# Your objective
From the listing that follows, reproduce only the lines from the one holding "Приставки контактные предназначены" through the one holding "och inte laminat.", both included, with no pictures.
### Data for processing
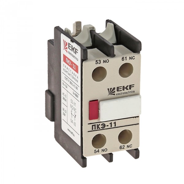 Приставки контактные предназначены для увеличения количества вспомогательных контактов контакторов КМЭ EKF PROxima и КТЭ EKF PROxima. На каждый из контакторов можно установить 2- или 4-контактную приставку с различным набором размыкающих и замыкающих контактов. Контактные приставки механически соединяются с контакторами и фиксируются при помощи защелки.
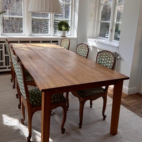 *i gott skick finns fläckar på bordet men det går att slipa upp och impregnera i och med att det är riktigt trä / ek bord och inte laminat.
######
### Data for processing
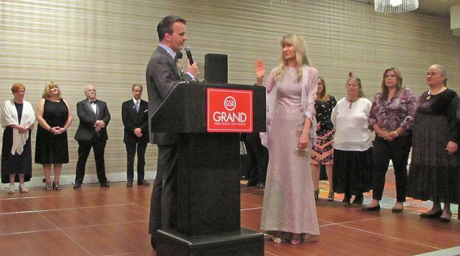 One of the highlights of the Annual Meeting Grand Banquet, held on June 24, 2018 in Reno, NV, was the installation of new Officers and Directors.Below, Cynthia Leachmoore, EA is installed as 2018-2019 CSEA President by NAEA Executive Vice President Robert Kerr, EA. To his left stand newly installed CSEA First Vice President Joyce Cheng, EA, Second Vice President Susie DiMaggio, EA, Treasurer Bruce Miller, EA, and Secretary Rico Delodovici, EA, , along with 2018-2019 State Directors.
######
### Data for processing
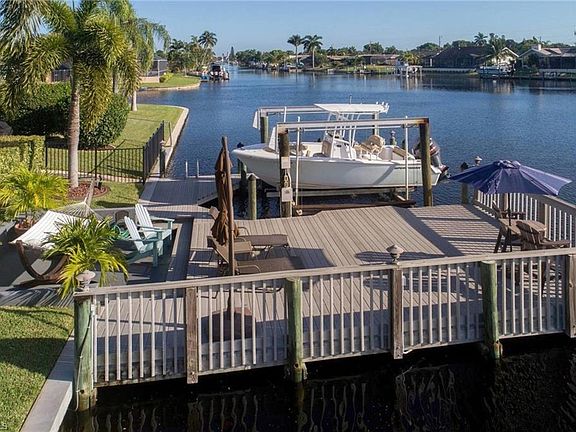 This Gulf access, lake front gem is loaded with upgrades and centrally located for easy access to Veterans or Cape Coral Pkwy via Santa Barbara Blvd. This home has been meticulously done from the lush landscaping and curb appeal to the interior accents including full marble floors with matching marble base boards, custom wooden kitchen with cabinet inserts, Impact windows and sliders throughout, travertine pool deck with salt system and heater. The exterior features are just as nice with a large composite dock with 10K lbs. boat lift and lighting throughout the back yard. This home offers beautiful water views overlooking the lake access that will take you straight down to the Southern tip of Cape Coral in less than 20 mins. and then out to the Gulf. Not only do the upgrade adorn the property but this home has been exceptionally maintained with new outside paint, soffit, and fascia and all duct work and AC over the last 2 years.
######
# Answer for the task
 Приставки контактные предназначены для увеличения количества вспомогательных контактов контакторов КМЭ EKF PROxima и КТЭ EKF PROxima. На каждый из контакторов можно установить 2- или 4-контактную приставку с различным набором размыкающих и замыкающих контактов. Контактные приставки механически соединяются с контакторами и фиксируются при помощи защелки.
 *i gott skick finns fläckar på bordet men det går att slipa upp och impregnera i och med att det är riktigt trä / ek bord och inte laminat.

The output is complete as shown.